US special operations forces handed over their base in a strategic region of eastern Afghanistan to local Afghan commandos on Saturday, a senior US commander said.

The withdrawal from Nirkh district meets a demand by Afghan President Hamid Karzai that US forces leave the area after allegations that the Americans’ Afghan counterparts committed human rights abuses there.

“We’re coming out of Nirkh,” said Maj. Gen. Tony Thomas, the top US special operations commander in Afghanistan.

Attaullah Khogyani, spokesman for the governor of Wardak province outside Kabul in which Nirkh is located, confirmed that US special operations forces withdrew and were replaced by a joint Afghan security forces team.

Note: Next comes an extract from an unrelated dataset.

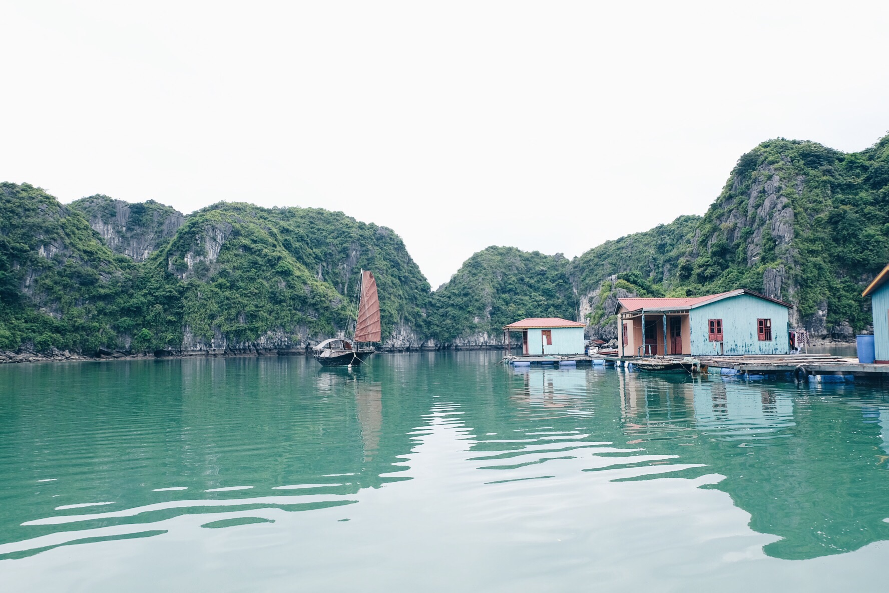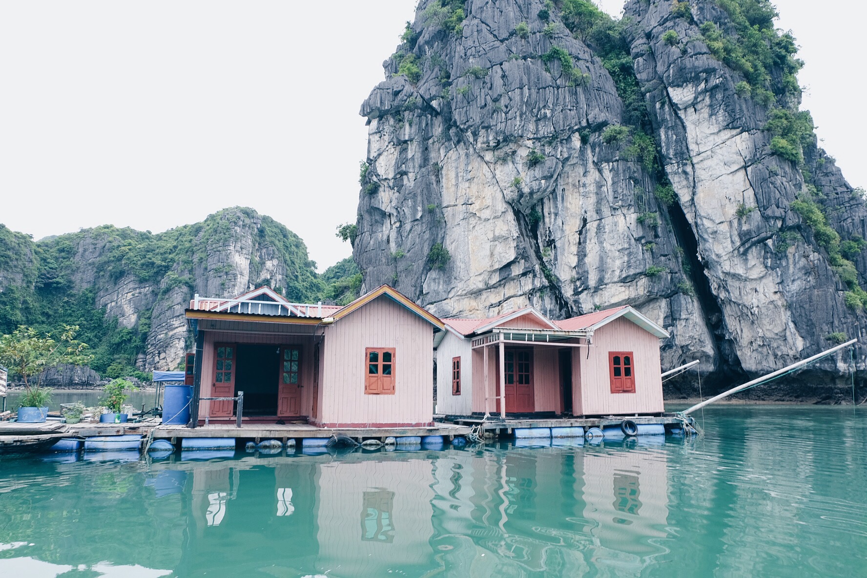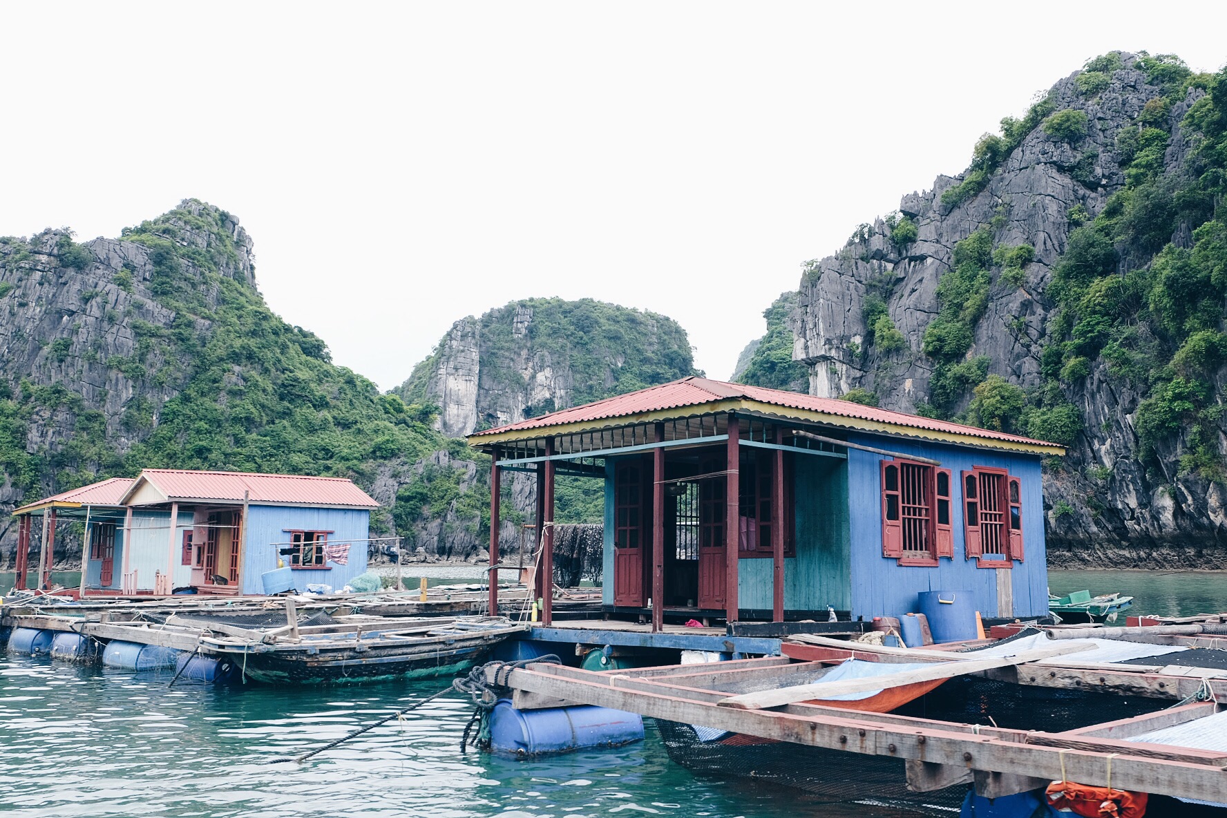 The Fishing Village in Halong Bay is part of the tour with The Dragon legend (3 days 2 nights only) cruise trip. Our guide told us that the floating village today only inhabits 100 people. Not very long ago the number was 500, but a lot of people were moved by the government to ensure, among other things, the children access to school and healthcare. The village is isolated in the middle of the bay and its economy is depending on fishing and harvesting pearls from their oyster farm.
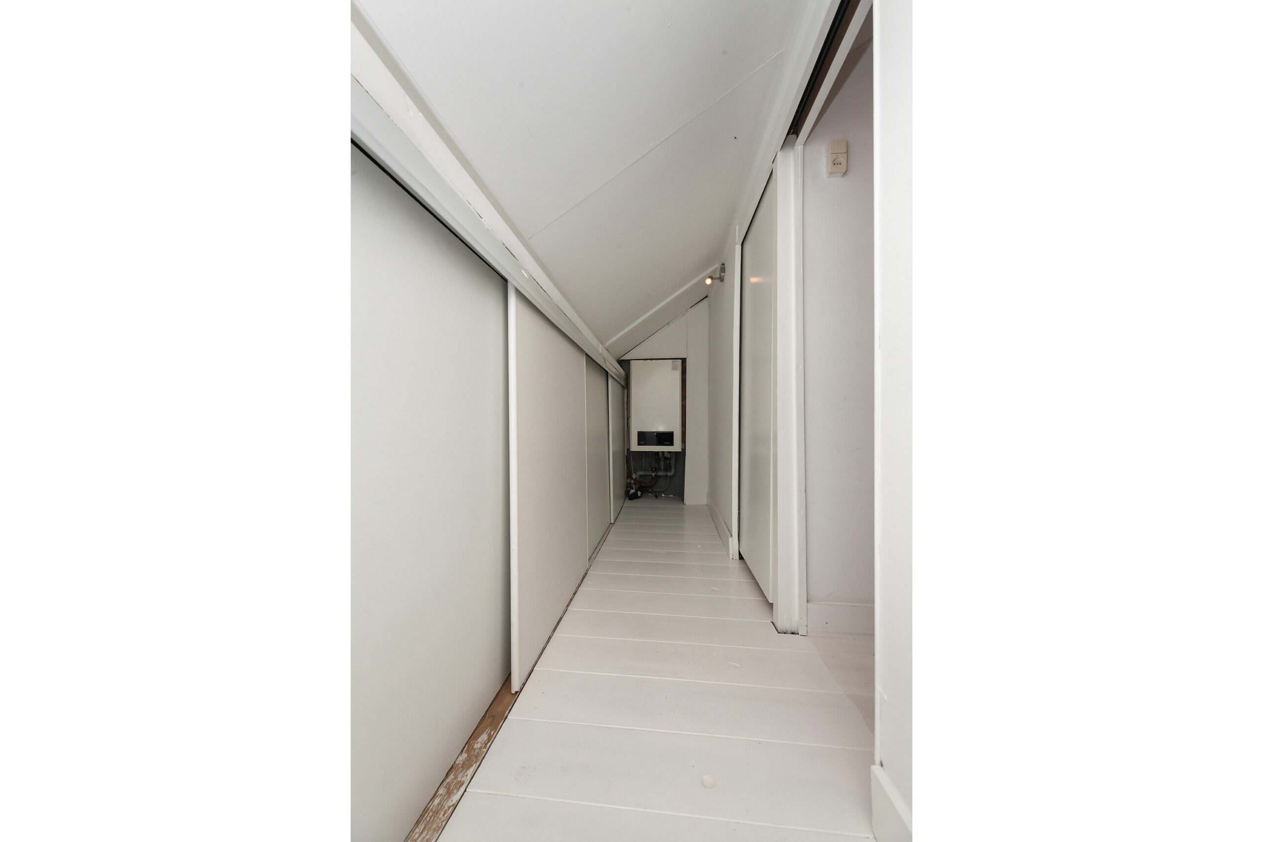 Door de dakopbouw zijn er een tweetal slaapkamers naast de overloop gerealiseerd op deze verdieping. Op de overloop heeft u de opstelling van de C.V.-ketel en bergingen onder het schuine dak.

The transfer of authority ends a controversial chapter in which Karzai accused US troops and an interpreter working with them of torture, kidnapping and summary execution of militant suspects in Nirkh – charges US officials including top commander in Afghanistan Gen. Joseph Dunford firmly denied.

The incident shows the larger struggle of Karzai’s government to assert its authority over security matters, even as its green security forces try to assume control of much of the country from coalition forces on a rushed timeline, ahead of the scheduled withdrawal of most of coalition forces by December 2014.

Karzai had originally demanded the US special operations forces pull out from the entire province, a gateway and staging area for Taliban and other militants for attacks on the capital Kabul.

But he scaled down his demands to just the single district after negotiations with Dunford and other US officials.

“President Karzai was specific, it’s only for Nirkh, that was a provocative point,” Thomas said.

“American special operations forces are integral in the defence of Wardak from now until the foreseeable future.”